** Instructions to follow **
Reproduce the entries that follow precisely, setting aside any images.

** Supplied data **
=== Begin Enclosure ===

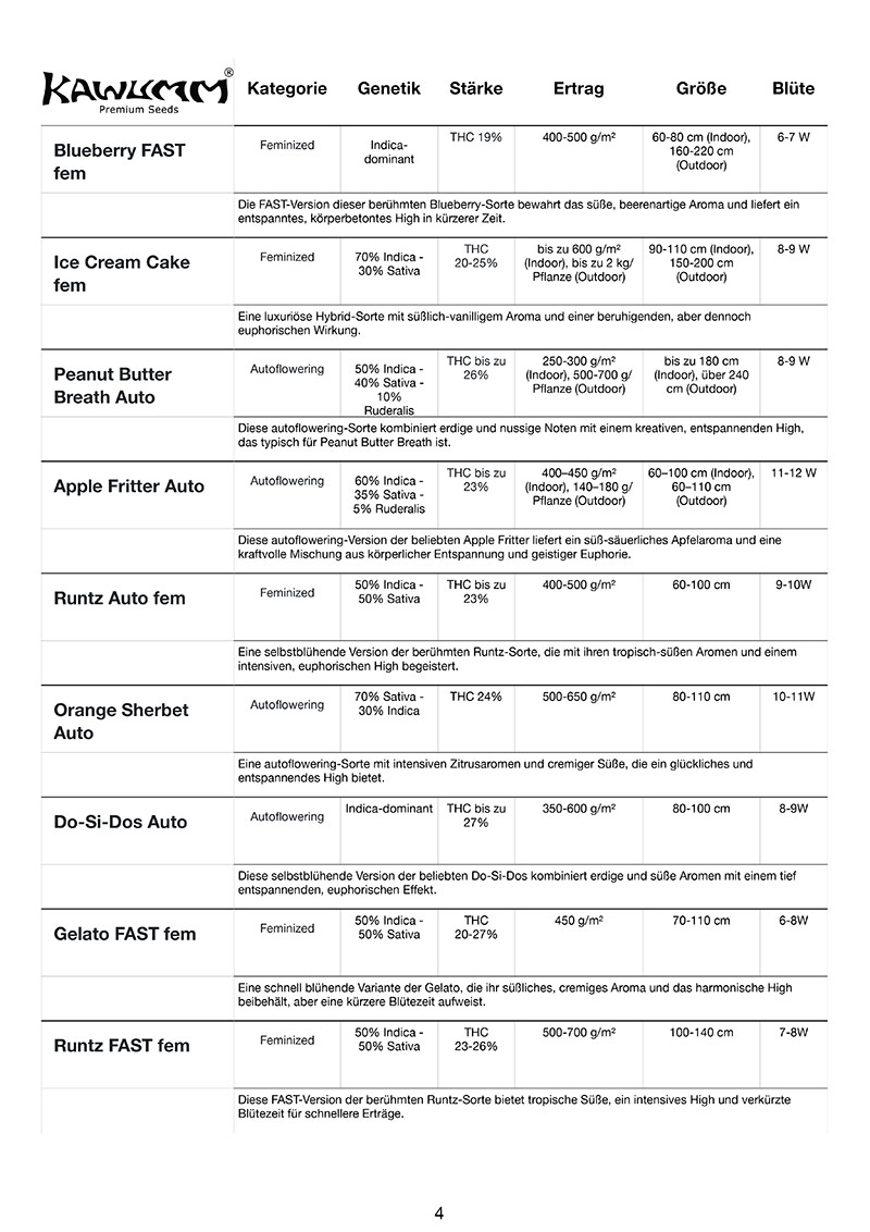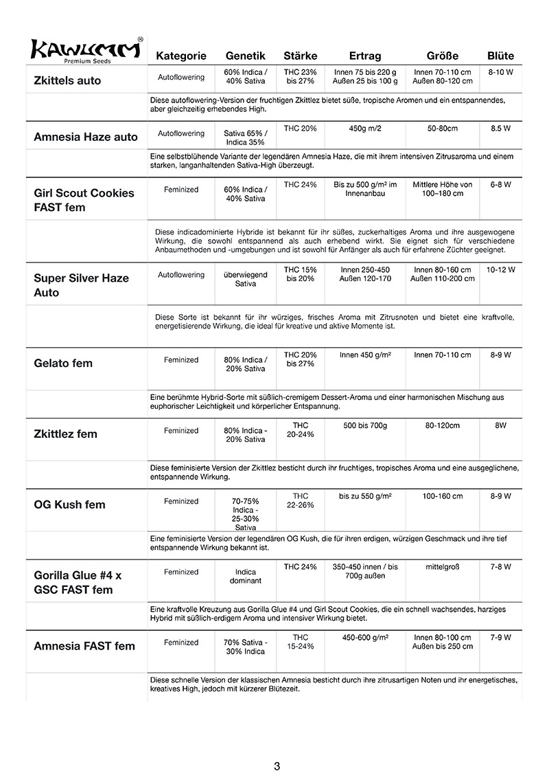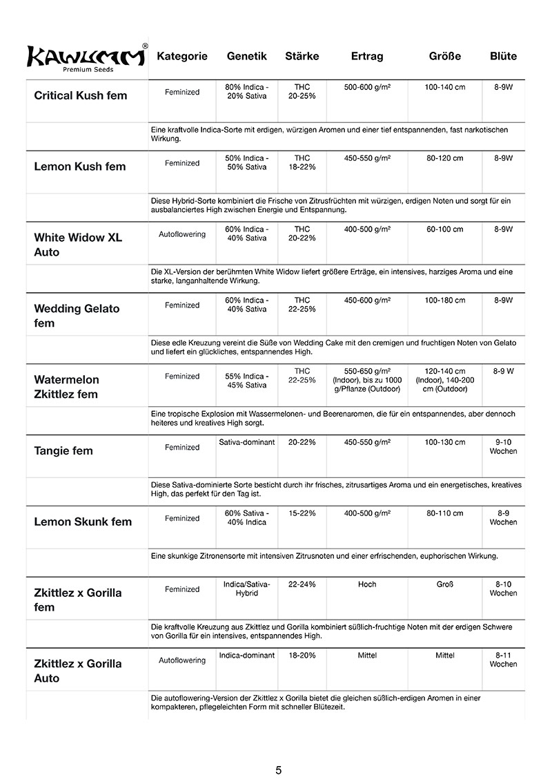 Aromen, Wirkungen und Anbaueigenschaften findest Du in der Übersicht auf dieser Seite. Kawumm liefert Qualität seit 1989
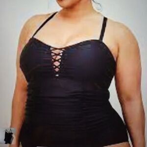 TORRID Black Lattice Ruched One Piece Bathing Suit Size 6X
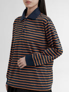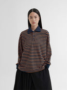 Kaos polo bergaris dengan tampilan kasual yang tetap stylish. Didesain dengan kerah kontras dan kancing depan yang memberikan sentuhan sporty. Terbuat dari bahan Combed Cotton yang lembut, nyaman, dan breathable, cocok untuk aktivitas sehari-hari. Manset rajut di pergelangan tangan menambah tampilan rapi dan modern.
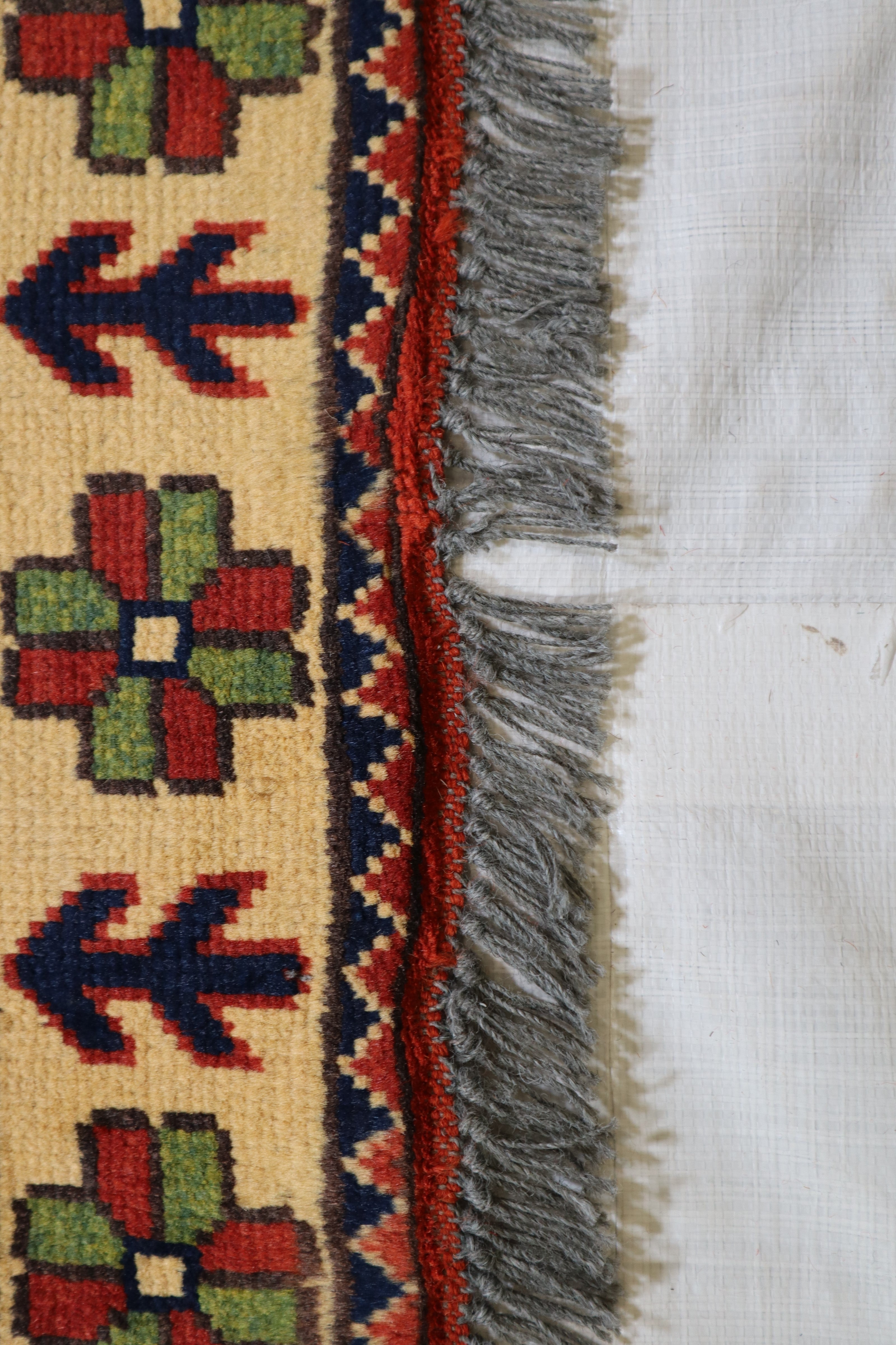 This rug is in excellent condition. Nice colors and patterning. Very natural wool and super colors.
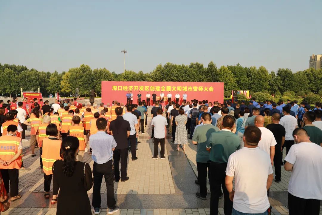 誓师大会上,太昊路办事处、淮河路办事处、城市管理稽查大队和公用事业管理中心负责同志分别作表态发言;区机关党委负责同志宣读《创建全国文明城市志愿服务倡议书》,与会人员在“创建全国文明城市 争做道德文明使者”签名墙签名,全体人员庄严宣誓:“文明创建,从我做起,主动参与,不畏困难,为民服务,争创一流,为建设‘道德名城,魅力周口’作出积极贡献!”
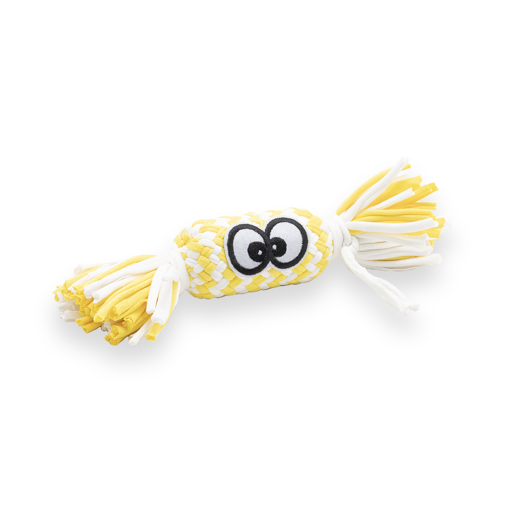 Tato látková hračka ve tvaru bonbonu měří 18 cm a je ideální pro menší i střední psy. Je ušitá z příjemného materiálu, má vyšitá očka a uvnitř skrývá pískátko, které podněcuje zájem a chuť si hrát. Skvělá jako mazlík na doma nebo společník na cesty.

=== End Enclosure ===

** Answer space **
 Aromen, Wirkungen und Anbaueigenschaften findest Du in der Übersicht auf dieser Seite. Kawumm liefert Qualität seit 1989
 TORRID Black Lattice Ruched One Piece Bathing Suit Size 6X
 Kaos polo bergaris dengan tampilan kasual yang tetap stylish. Didesain dengan kerah kontras dan kancing depan yang memberikan sentuhan sporty. Terbuat dari bahan Combed Cotton yang lembut, nyaman, dan breathable, cocok untuk aktivitas sehari-hari. Manset rajut di pergelangan tangan menambah tampilan rapi dan modern.
 This rug is in excellent condition. Nice colors and patterning. Very natural wool and super colors.
 誓师大会上,太昊路办事处、淮河路办事处、城市管理稽查大队和公用事业管理中心负责同志分别作表态发言;区机关党委负责同志宣读《创建全国文明城市志愿服务倡议书》,与会人员在“创建全国文明城市 争做道德文明使者”签名墙签名,全体人员庄严宣誓:“文明创建,从我做起,主动参与,不畏困难,为民服务,争创一流,为建设‘道德名城,魅力周口’作出积极贡献!”
 Tato látková hračka ve tvaru bonbonu měří 18 cm a je ideální pro menší i střední psy. Je ušitá z příjemného materiálu, má vyšitá očka a uvnitř skrývá pískátko, které podněcuje zájem a chuť si hrát. Skvělá jako mazlík na doma nebo společník na cesty.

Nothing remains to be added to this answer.